(Source material begins)

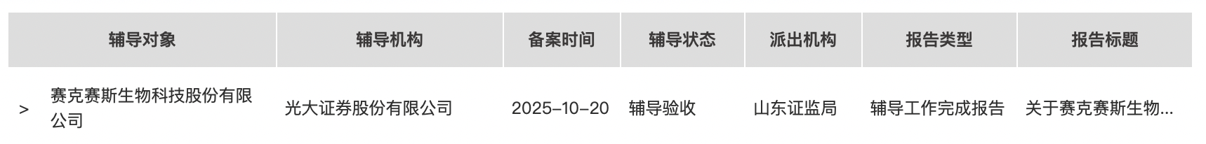 据了解,赛克赛斯于2025年10月20日启动IPO,光大证券共开展一期辅导工作。
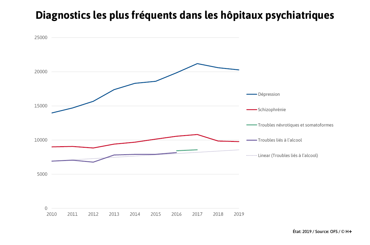 Ces constats se rapportent aux institutions psychiatriques. Les patients psychiatriques examinés et traités par les hôpitaux de soins aigus et d’autres fournisseurs de prestations ne figurent pas dans cette statistique.
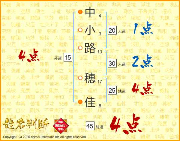 中(4画)小(3画)路(13画) 穂(17画)佳(8画)
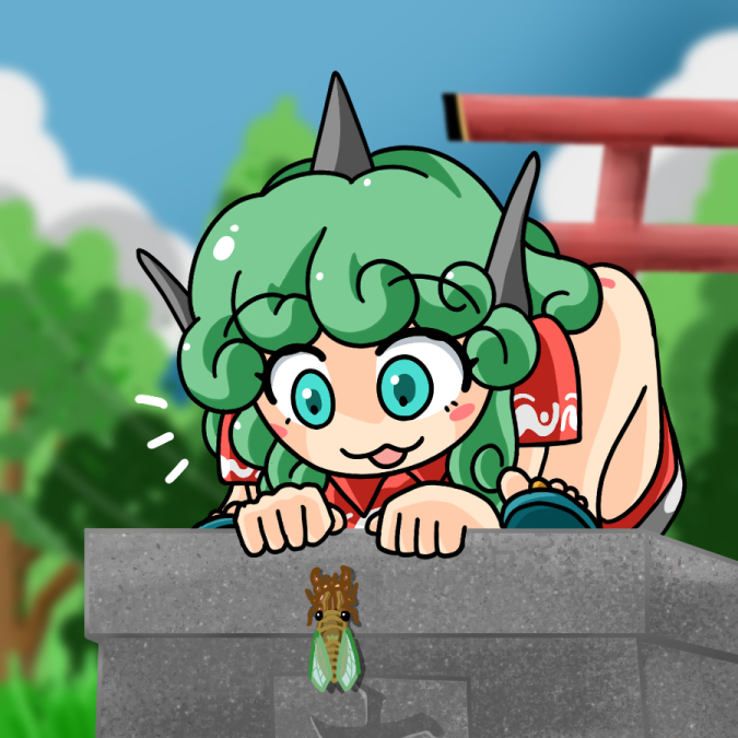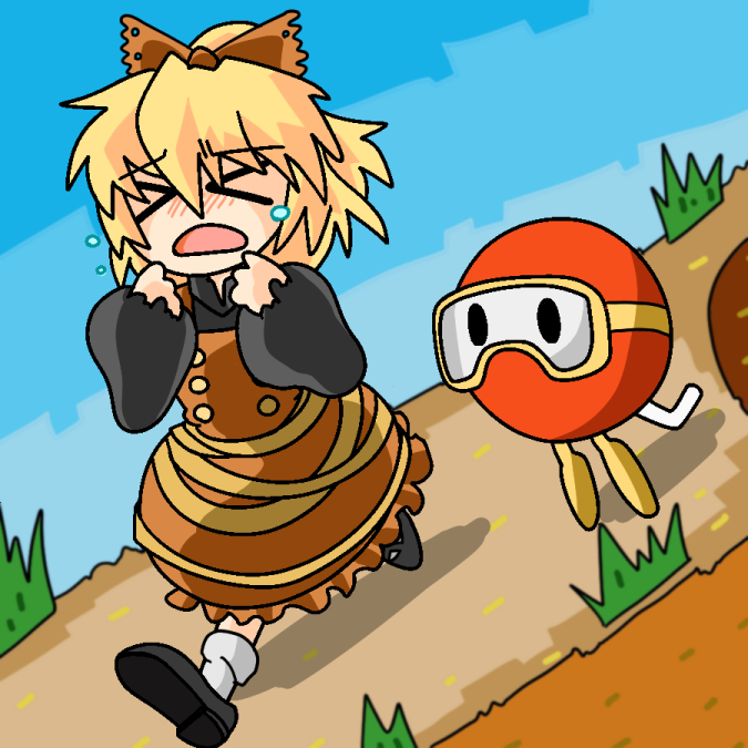 55 173 #深夜の真剣お絵描き60分一本勝負 プーカァに追いかけられる黒谷ヤマメさんです。 地上に逃げるのは悪手なんじゃよ… 23/08/04 00:38
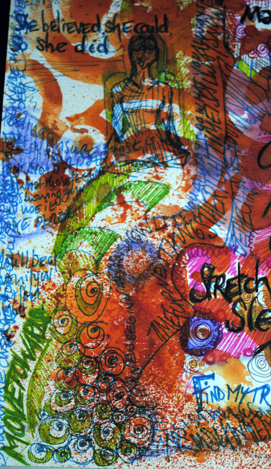 And it must be the most colourful yet. It’s also the most full of subconscious tells – I’m only starting seeing now I look back from a few days later. Like the green mermaid/peacock – I didn’t draw her but she emerged from a funny little cross-leggedy figure and the phrase ‘move toward’ and some doodles.
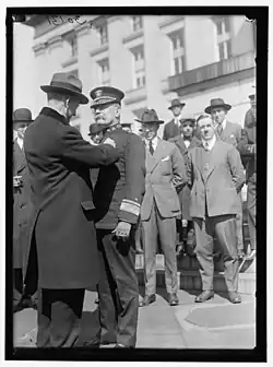 Following his graduation from RPI in 1916, he was commissioned a lieutenant junior grade in the Navy Civil Engineering Corps shortly after the United States entered World War I. In February 1918, he reported as the Civil Engineering Officer in charge of field construction at the Navy Yard in Washington, D.C., for one year. He then reported to the Republic of Haiti to serve as the Treaty Engineer.[2] In this billet, he served as Assistant to the Engineer Chief, and Director of Highways and Bridges, Harbor Development and Lighthouse Service.[3]
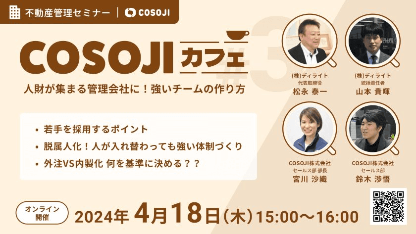 024年4月18日(木)、「第3回COSOJIカフェ~人財が集まる管理会社に!強いチームの作り方~」をテーマとしたWebセミナーを開催します。
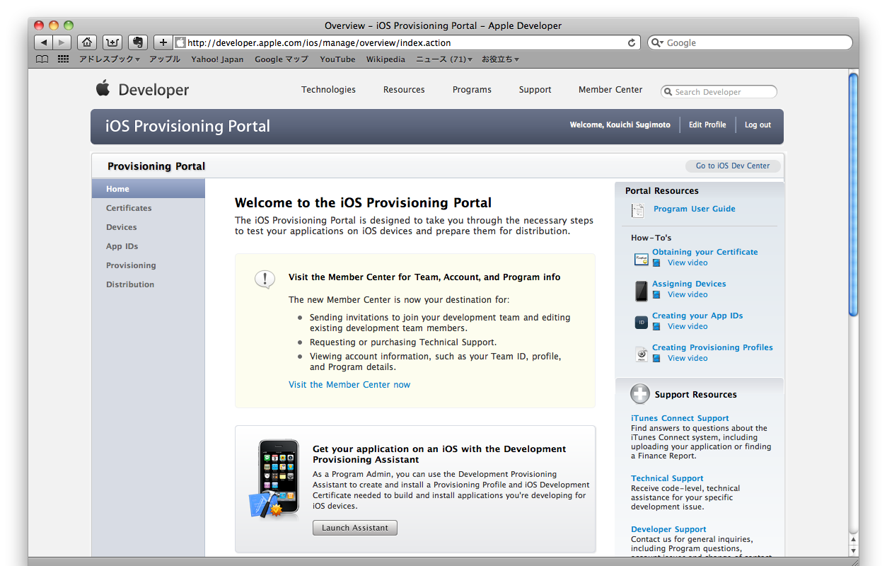 やっとたどりついたiOS Provisioning Portal画面(^^;
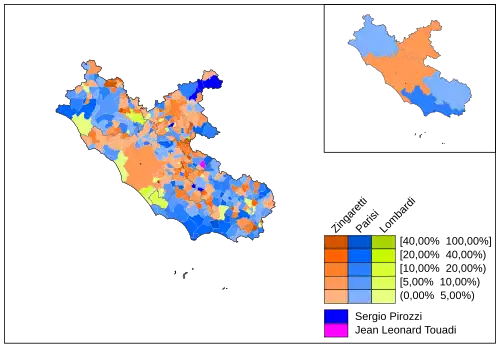 - ↑ Luca Liverani (7 de marzo de 2018). «Lazio. Strada in salita per Zingaretti senza maggioranza in Regione». Avvenire (en italiano).
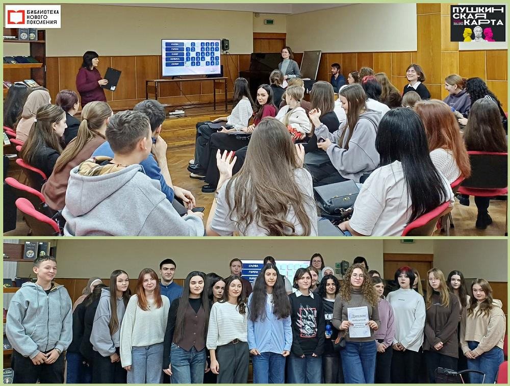 Студенты Российского государственного социального университета пришли в Центральную городскую библиотеку им. М. Горького, чтобы принять участие в интеллектуально-познавательном турнире «Игры разумов» в рамках федерального проекта «Пушкинская карта».
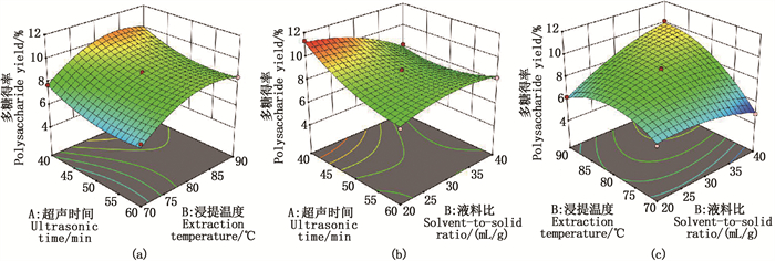 图 2 各因素相互作用对海马多糖得率影响 Fig. 2 Interactive effects of various factors on polysaccharide yield |

(Source material ends)

When you reach the line with "Ces constats se" in the records above, begin repeating the lines exactly, and stop after the line with "And it must". Skip all pictures.

# Written answer
 Ces constats se rapportent aux institutions psychiatriques. Les patients psychiatriques examinés et traités par les hôpitaux de soins aigus et d’autres fournisseurs de prestations ne figurent pas dans cette statistique.
 中(4画)小(3画)路(13画) 穂(17画)佳(8画)
 55 173 #深夜の真剣お絵描き60分一本勝負 プーカァに追いかけられる黒谷ヤマメさんです。 地上に逃げるのは悪手なんじゃよ… 23/08/04 00:38
 And it must be the most colourful yet. It’s also the most full of subconscious tells – I’m only starting seeing now I look back from a few days later. Like the green mermaid/peacock – I didn’t draw her but she emerged from a funny little cross-leggedy figure and the phrase ‘move toward’ and some doodles.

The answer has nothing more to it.